Dans le détail, les ventes se partagent entre quatre segments de marché. 40% proviennent des maillots de bain, 40% des accessoires (comme les lunettes de piscine par exemple), 15% de ce qu’Arena nomme le racing, soit les maillots et combinaisons de compétition et, enfin, 5% du sportswear. Ceci posé, il est aisé de déterminer les pistes de diversifications… Sans surprise, donc, Arena entend creuser son sillon dans le sportwear. « Nous estimons pouvoir réaliser sur ces marchés entre 15% et 20% de notre chiffre d’affaires, contre 5% actuellement, d’ici à 2020 », avance ainsi Giuseppe Musciacchio.

Le pari paraît ambitieux, en si peu de temps, mais le cap est fixé. Il n’y a plus qu’à s’y tenir. Tout étant désormais une question de méthode. Pas question, pour Arena, de confondre diversification et dispersion. « Nous gardons toujours en tête ce que nous sommes, rassure le co-PDG. Dans tout ce que nous faisons, nous partons de la natation, notre raison d’être, pour construire des gammes autour. Après tout, dans l’acte même de nager, il y a tout ce qu’il se passe avant, et tout ce qu’il se passe après : comment je suis habillé pour me rendre à la piscine, comme je m’organise, etc. C’est tout cet ensemble qui nous intéresse. »

Sortir des piscines pour aller sur les plages

Pour grandir hors des seuls sentiers battus des piscines, Arena entend donc s’appuyer sur cette vaste communauté de nageurs réguliers (entre 8% et 10% de la population européenne seraient concernés) pour « démocratiser » son champ d’activité. « Notre volonté est de conserver cette cible de clientèle très sportive qui est la nôtre, avec des conceptions très techniques pour nos gammes, mais de faire en sorte qu’elles puissent s’exprimer en dehors du seul monde du sport », précise Giuseppe Musciacchio. C’est ainsi que la marque propose désormais par exemple deux collections dédiées pour « l’entraînement à sec », avec brassières, débardeurs, tee-shirts, shorts et pantalons. Au total, 27 références femmes et 17 pour hommes.
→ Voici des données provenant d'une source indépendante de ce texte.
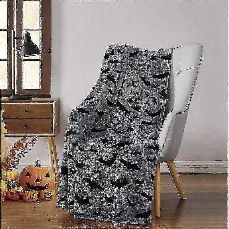 Halloween Throw Blanket Black Bats on Gray Velvet Soft Fleece, Extra Large 70"x50" Flannel Blanket for Sofa Bed Couch, C-pkjhg188

L’autre axe de travail, qui rejoint d’ailleurs le premier, est de travailler sur des collections de maillots de bain de plage. Cela représente déjà 8% du chiffre d’affaires d’Arena, et cette proportion devrait grossir dans les années à venir. « Nous développons des gammes anti-UV, des maillots de bain qui sècheront bien plus vite et, parmi d’autres choses, des maillots qui seront capables de ne pas accrocher le sable sur la plage », avance Giuseppe Musciacchio. Ces collections arriveront en 2018-2019 et devraient permettre à Arena d’être bien plus visible aux yeux du grand public, pas forcément adepte des piscines. Avec comme pari celui de l’effet boule de neige. Qu’Arena, sans rien perdre de ses caractéristiques techniques, pour ne pas dire professionnelles dans le milieu de la natation, fasse un pas vers celui de la mode "sport".